Now the researchers could compare the kids who ended up transitioning with those who didn’t, with data from when each of them was still living as their sex assigned at birth. And it turns out that the kids with gender identity and preference scores that were more at odds with their sex assigned at birth were more likely to transition.

The result held even when controlled for race, sex assigned at birth, parents’ income, and parents’ politics.

“There’s a lot of public writing focused on the idea that we have no idea which of these gender-nonconforming kids will or will not eventually identify as trans,” Olson told The Atlantic.

“Our study suggests that it’s not random. We can’t say this kid will be trans and this one won’t be, but it’s not that we have no idea.”

The researchers also compared the gender identity scores of the GNC kids who ended up transitioning to transgender kids who had already socially transitioned as well as cisgender kids of the same gender identity, and found that they were pretty similar.
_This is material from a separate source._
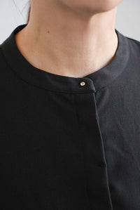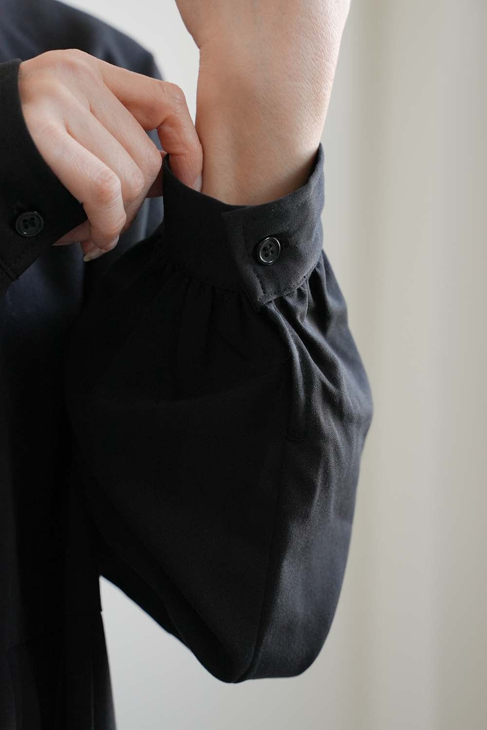 身頃はすっきりとしたクルーネックで、顔まわりをやさしく引き立てるデザイン。

This suggests that transgender kids have as strong sense of who they are before they transition as they do after they transition, and that sense is as strong as cisgender kids’ gender identities.
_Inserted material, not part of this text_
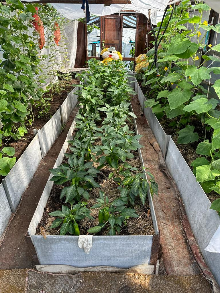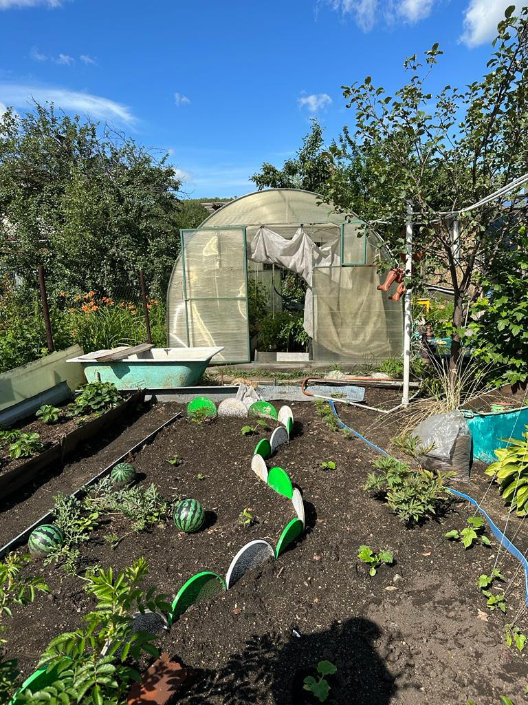 Для выращивания овощей - 2 теплицы ( 1 теплица с рамным остекленением; 2 металлический каркас, покрытый поликарбонатом).

Olson said that that finding contradicts the media narrative that early transitioning will somehow change a child’s gender identity.

“It’s not like you can take a blood sample or do an MRI,” Aaron Devor of the University of Victoria said.

“One of the phrases often used is ‘consistent, persistent, and insistent.’ When you get that constellation, that kid is also a kid who might want to transition. And that’s what [Olson’s] research is corroborating. It adds some very valuable data.”

The study, of course, is not the final word on the topic. Olson said that her sample size is fairly small and the families were fairly wealthy and liberal.

And further studies will see if her results can be replicated.

But the study is an important rejoinder to other studies of GNC youth that have found that simply being labeled GNC does not automatically mean that a child will transition later on.

Instead, this study suggests that further research is needed, research that analyses a child’s degree of gender non-conformity and focuses on tests that get at a child’s gender identity and not just parents’ worries that their child isn’t masculine or feminine enough.